### Task directions
There are pictures in the records below; leave them out and set down exactly the lines from the one holding "8名摩梭人,10匹騾馬。與傳" through the one holding "9月3日,在美国纽约昆斯区,工人清理一座房屋地下室中被损毁的物品。".

### Records for the exercise
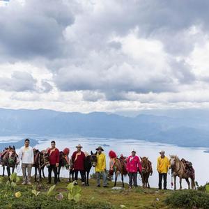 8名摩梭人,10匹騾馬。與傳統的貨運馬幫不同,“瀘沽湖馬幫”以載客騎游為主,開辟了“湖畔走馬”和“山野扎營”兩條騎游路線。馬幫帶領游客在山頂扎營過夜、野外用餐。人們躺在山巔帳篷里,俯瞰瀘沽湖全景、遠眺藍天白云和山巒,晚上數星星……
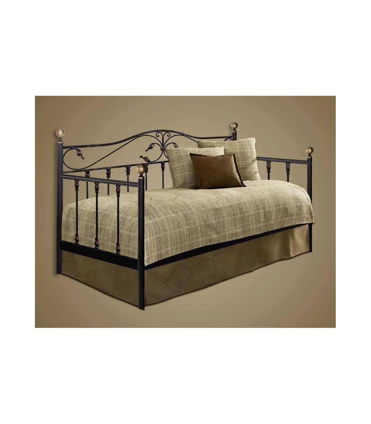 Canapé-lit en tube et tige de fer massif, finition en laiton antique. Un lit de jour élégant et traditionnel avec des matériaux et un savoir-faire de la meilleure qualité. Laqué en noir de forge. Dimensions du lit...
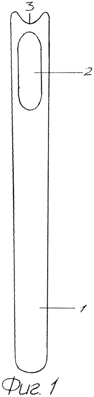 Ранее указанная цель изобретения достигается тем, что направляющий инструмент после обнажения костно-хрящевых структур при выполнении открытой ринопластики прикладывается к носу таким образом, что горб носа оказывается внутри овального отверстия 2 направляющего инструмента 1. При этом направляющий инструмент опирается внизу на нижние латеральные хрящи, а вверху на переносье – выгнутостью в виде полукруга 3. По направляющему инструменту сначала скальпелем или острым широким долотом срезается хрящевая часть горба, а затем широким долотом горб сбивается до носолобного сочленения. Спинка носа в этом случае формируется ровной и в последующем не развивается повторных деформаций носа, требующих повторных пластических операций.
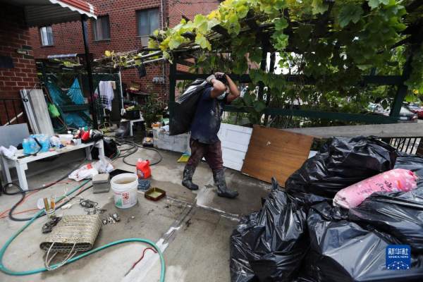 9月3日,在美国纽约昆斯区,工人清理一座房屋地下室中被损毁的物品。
--
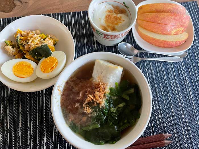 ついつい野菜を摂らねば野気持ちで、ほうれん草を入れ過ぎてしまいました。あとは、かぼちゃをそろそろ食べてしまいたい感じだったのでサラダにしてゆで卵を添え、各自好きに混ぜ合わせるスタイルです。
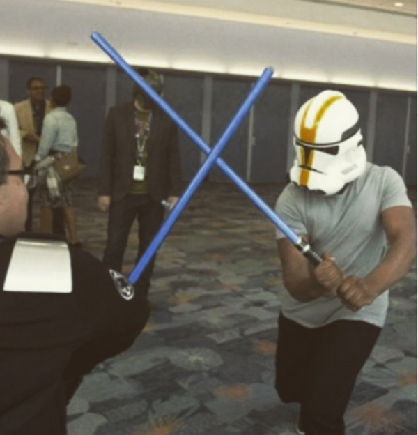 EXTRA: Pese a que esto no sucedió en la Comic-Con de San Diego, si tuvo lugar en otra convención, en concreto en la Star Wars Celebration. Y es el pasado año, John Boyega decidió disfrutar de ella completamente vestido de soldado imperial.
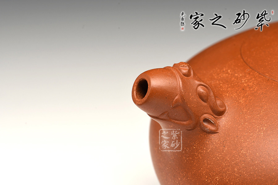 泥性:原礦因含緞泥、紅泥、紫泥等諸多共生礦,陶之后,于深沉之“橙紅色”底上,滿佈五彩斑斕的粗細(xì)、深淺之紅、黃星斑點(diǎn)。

### Your solution
 8名摩梭人,10匹騾馬。與傳統的貨運馬幫不同,“瀘沽湖馬幫”以載客騎游為主,開辟了“湖畔走馬”和“山野扎營”兩條騎游路線。馬幫帶領游客在山頂扎營過夜、野外用餐。人們躺在山巔帳篷里,俯瞰瀘沽湖全景、遠眺藍天白云和山巒,晚上數星星……
 Canapé-lit en tube et tige de fer massif, finition en laiton antique. Un lit de jour élégant et traditionnel avec des matériaux et un savoir-faire de la meilleure qualité. Laqué en noir de forge. Dimensions du lit...
 Ранее указанная цель изобретения достигается тем, что направляющий инструмент после обнажения костно-хрящевых структур при выполнении открытой ринопластики прикладывается к носу таким образом, что горб носа оказывается внутри овального отверстия 2 направляющего инструмента 1. При этом направляющий инструмент опирается внизу на нижние латеральные хрящи, а вверху на переносье – выгнутостью в виде полукруга 3. По направляющему инструменту сначала скальпелем или острым широким долотом срезается хрящевая часть горба, а затем широким долотом горб сбивается до носолобного сочленения. Спинка носа в этом случае формируется ровной и в последующем не развивается повторных деформаций носа, требующих повторных пластических операций.
 9月3日,在美国纽约昆斯区,工人清理一座房屋地下室中被损毁的物品。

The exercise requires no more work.